Luckily this is only a syntax bug - a difference between MyISAM and InnoDB FT search how the leading * syntax is interpreted. The leading * results the same data in MyISAM and no leading * in InnoDB.

How to repeat:

1. Create table:
CREATE TABLE `testinnodbfull` (
  `id` INTEGER UNSIGNED NOT NULL AUTO_INCREMENT,
  `content` TEXT NOT NULL,
  PRIMARY KEY (`id`),
  FULLTEXT INDEX `IDX_CONTEXT_FULLTEXT`(`content`)
)
ENGINE = InnoDB;

2. Insert data:
insert into testinnodbfull (content)
values
('This is a story which has has a complicated phrase structure here in the middle'),
('This is a story which doesn''t have that text'),
('This is a story that has complicated the phrase structure');

3. Run search:
a. this works:
select *
from testinnodbfull
where match(content) against('complicate*' in boolean mode);

b. this doesn't:
select *
from testinnodbfull
where match(content) against('*complicate*' in boolean mode);

If you repeat the above test case with MyISAM table then you will see that 3.b will return results for MyISAM but not for InnoDB.
[13 Apr 2013 14:32] Zoltan Fedor
Sorry, at line 8 I made a mistake, the line should have been
match(content) against('*omplicate*' in boolean mode);
instead of
match(content) against('*complicate*' in boolean mode);
[13 Apr 2013 16:45] Godofredo Miguel Solorzano
Thank you for the bug report. Verified as described.

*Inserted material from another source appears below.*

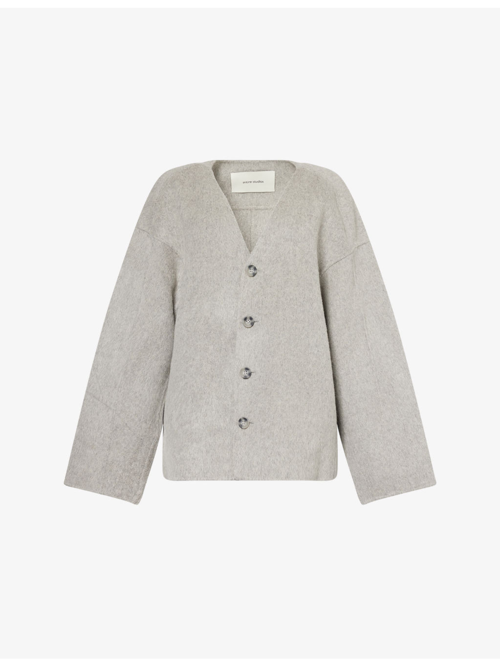 PRODUCT DETAILS - ENTIRE STUDIOS wool jacket - 100% wool - Exposed button fastening at front - Relaxed fit, V-neck, dropped shoulders, long sleeves, brushed, unlined - Dry clean - True to size - Size small: length 26in / 67cm - Model is 5ft 10in/1.78m and wears a size small - Midweight, stretchy Ref: R04480535

miguel@tikal:~/dbs/5.6/data> cd..
miguel@tikal:~/dbs/5.6> bin/mysql -uroot -p test
Enter password: 
Welcome to the MySQL monitor.  Commands end with ; or \g.
Your MySQL connection id is 1
Server version: 5.6.12-debug Source distribution

Copyright (c) 2000, 2013, Oracle and/or its affiliates. All rights reserved.

Oracle is a registered trademark of Oracle Corporation and/or its
affiliates. Other names may be trademarks of their respective
owners.

Type 'help;' or '\h'miguel@tikal:~/dbs/5.6/data> cd..
miguel@tikal:~/dbs/5.6> bin/mysql -uroot -p test
Enter password: 
Welcome to the MySQL monitor.  Commands end with ; or \g.
Your MySQL connection id is 1
Server version: 5.6.12-debug Source distribution

Copyright (c) 2000, 2013, Oracle and/or its affiliates. All rights reserved.

Oracle is a registered trademark of Oracle Corporation and/or its
affiliates. Other names may be trademarks of their respective
owners.

Type 'help;' or '\h' for help. Type '\c' to clear the current input statement.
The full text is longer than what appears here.